Antibiotics are detected unchanged in manure, slurry and poultry litter from farms in concentrations ranging from several μg/kg to several hundred mg/kg. Differences in the levels of antibacterial substances in the above-mentioned fertilizers depend on the animal species, the class of antibiotic, and the geographical location and type of breeding farm. Their content depends on the antibiotic used because some substances, such as amoxicillin or tetracycline, are metabolized only by 10–20%, while others, e.g. sulfamethoxazole, by approximately 85% (Hirsch et al. 1999). The highest concentrations of antibiotics are detected in fertilizers from large-scale farms compared to small family farms (Zhi et al. 2020a, b). In addition, detection rates and antibiotic concentrations are usually higher in pigs’ fertilizers than poultry and cattle fertilizers. This is mainly due to the fact that antibiotics are administered in higher doses and more frequently to pigs than to other farm animals (Xin et al. 2016). In recent years, researchers have published several papers demonstrating that antibiotics in feces derived from slaughtered animals are present in high concentrations.
Wolters et al. (2016) examined derived manure from eight fattening farms and six breeding pig farms. In the material examined, the authors found 11 different antibiotics belonging to up to six classes. Antibiotic residue analysis showed a maximum tetracycline concentration reaching up to 300 mg/kg dry matter (DM) in pig manure (Wolters et al. 2016). Martinez-Carballo and colleagues examined pig feces in Austria, in which they found the presence of antibiotics from the tetracycline group in amounts of several dozen milligrams per kilogram of feces (chlorotetracycline—46 mg/kg, oxytetracycline—29 mg/kg, and tetracycline—23 mg/kg) (Martinez-Carballo et al. 2007). Researchers from China were analyzing fertilizers from chicken, in which they found high concentrations of enrofloxacin and norfloxacin of 1420 mg/kg and 225 mg/kg, respectively (Zhao et al. 2010).

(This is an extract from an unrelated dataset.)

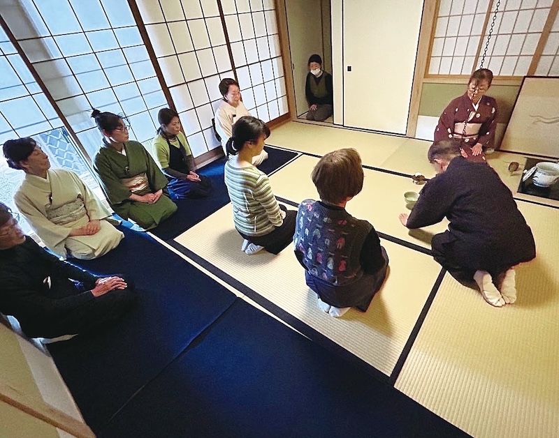 今回は花と掛軸について宗匠のお話を聞きながら一つずつの動きを目で確かめることができ、とても勉強になりました。体操は着物姿でできる立居の体操を教えていただきました。動きは少ないのですが基本の基本である深い呼吸と正しい姿勢を保ちながら、ゆっくりと動くというのはとても難しいと感じました。長年の習慣で浅い呼吸と前屈み、そり腰と悪い癖が身体にしみついてしまっています。正しい呼吸、正しい姿勢に戻るのはなかなか難しいですが、まずはお茶室の中から心掛けていきたいと思いました。休憩をはさみ、後半は四畳半での「札なし花月」と「炭付き花月」に取り組みました。「炭付き花月」では炭点前全くの初心者の私にまさかの札が当たりました。先生や社中の皆様がハラハラと見守る中、戸惑って手が止まってしまう私に一つ一つ丁寧にご指導いただき、何とか最後まで終えることが出来ました。

The literature describes methods enabling the analysis of antibiotics in natural fertilizers using liquid chromatography techniques with various detectors: fluorescence, UV, single mass spectrometer, or tandem mass spectrometry (Berendsen et al. 2015; Haller et al. 2002; Jansen et al. 2019; Karci and Balcioglu 2009; Martinez-Carballo et al. 2007; Xian-Gang et al. 2008; Wallace and Aga 2016; Zheng et al. 2021). However, these methods most often involve the analysis of natural fertilizers such as poultry, pig, or cattle excrement (Berendsen et al. 2015; Haller et al. 2002; Jansen et al. 2019; Xian-Gang et al. 2008; Zheng et al. 2021). The extraction and chromatographic analysis method we have developed allows the analysis not only of solid natural fertilizers, such as animal excrement, but also of solid organic fertilizers subjected to processing processes, such as drying and granulation. Due to the lack of laboratory tests on the presence and content of antibiotics in solid natural and organic fertilizers, the aim of this work was to develop and validate an analytical method for the quantitative determination of antibiotics from various chemical groups in one analytical course. The study compared different antibiotic extraction solvents and different solid phase extraction cartridges. After selecting the optimal preparation stage, the samples were analyzed using the UHPLC-MS/MS technique. The developed method was used to analyze real samples of solid natural fertilizers from pigs, poultry, and cattle and commercially available solid organic fertilizers produced from animal by-products.
Materials and methods
Chemicals and reagents
HPLC-grade methanol and acetonitrile were purchased from J.T. Baker (Deventer, the Netherlands). Citric acid and formic acid (purity > 99% for analysis) were obtained from Acros Organics (Geel, Belgium). Disodium hydrogen phosphate was from Chempur (Piekary Śląskie, Poland) and disodium ethylenediamine tetraacetate (Na2EDTA) was form Sigma Aldrich (CA, MO, USA). Water was purified using a Milli-Q water system from Millipore (Billerica, Ma, USA). Four SPE cartridges were tested: Oasis HLB (3 mL, 60 mg) from Waters (Milliford, MA, USA), Strata-S (6 mL, 200 mg), Strata-SAX (12 mL, 500 mg), and Strata-XCW (3 mL, 300 mg) from Phenomenex (Torrance, CA, USA).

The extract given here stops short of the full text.